In June 1846, a group of American settlers in Sonoma raised a homemade flag bearing a grizzly bear and declared California an independent republic. The Mexican government did not take this well. The brief conflict that followed, known as the Bear Flag Revolt, produced one notable engagement at Olompali. On June 24, a party of Californios clashed with American forces near the ranch. The encounter was small, more skirmish than battle, but it entered California history as the Battle of Olompali, the only armed confrontation of the revolt in which casualties were inflicted. The Americans suffered no deaths; the Californios lost one or two men, depending on the source. Within weeks, the United States Navy arrived and the Bear Flag Republic dissolved into American annexation. The battle's military significance was minor. Its symbolic weight, however, endures: it was the moment when California's future as an American state became a matter of gunfire rather than diplomacy.

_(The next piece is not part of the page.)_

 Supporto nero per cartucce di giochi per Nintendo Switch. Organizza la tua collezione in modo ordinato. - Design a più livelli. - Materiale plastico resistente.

The Dead, the Chosen, and the Fire

Olompali's strangest chapter began in the mid-1960s, after the Burdell family sold the estate and it passed through several hands to the University of San Francisco, which used it as a Jesuit retreat. In 1966, the Grateful Dead leased the property for the spring and returned frequently. The band played impromptu concerts on a concrete slab, and photographs taken among the oak trees in 1969 were used for the back cover of their album Aoxomoxoa. In 1967, Donald McCoy Jr. leased the property and established a commune called the Chosen Family, envisioning a utopian community. What followed was anything but utopian. By February 1969, the Burdell Mansion had been destroyed in an electrical fire. A fatal car accident was caused by one of the commune's loose animals. Authorities conducted narcotics raids. McCoy was committed to a mental institution. Then two small children drowned on the property, and the Jesuit landlords evicted the remaining residents. The arc from utopian dream to tragedy took less than two years.

What the Park Holds Now

California purchased the property in 1977 and designated it a state historic park. Today the 700 acres encompass hiking trails through grasslands and oak woodlands, the reconstructed foundations of the Burdell mansion, and the remnants of Ynitia's adobe house, registered as California Historical Landmark number 210. The property is also listed on the National Register of Historic Places as Rancho Olompali. Visitors walking the park's trails move through layers of history compressed into a small space: Miwok grinding rocks a few hundred yards from the mansion's charred footprint, the Jesuit-era gardens giving way to grassland, the old ranch road that Bear Flag combatants once traveled. The park sits at 8901 Redwood Highway, three and a half miles north of Novato, visible from Highway 101 as a stretch of grassy hillside above the freeway. Most drivers pass it without knowing that beneath that grass lies a record of human presence stretching back fifteen hundred years, marked by a sixpence that should not be there.

From the Air

Located at 38.15N, 122.57W along the Highway 101 corridor, 3.5 miles north of Novato in Marin County. The park's 700 acres of grassland and oak woodland are visible from the air as open green hillside east of the freeway. Nearby airports include Gnoss Field (KDVO) approximately 4nm northwest in Novato, and San Rafael Airport (not towered) to the south. Best viewed at 1,500-2,500 feet AGL. The contrast between the park's open hills and the suburban development of Novato to the south makes it easy to identify. Mount Burdell rises to the west, providing an additional landmark.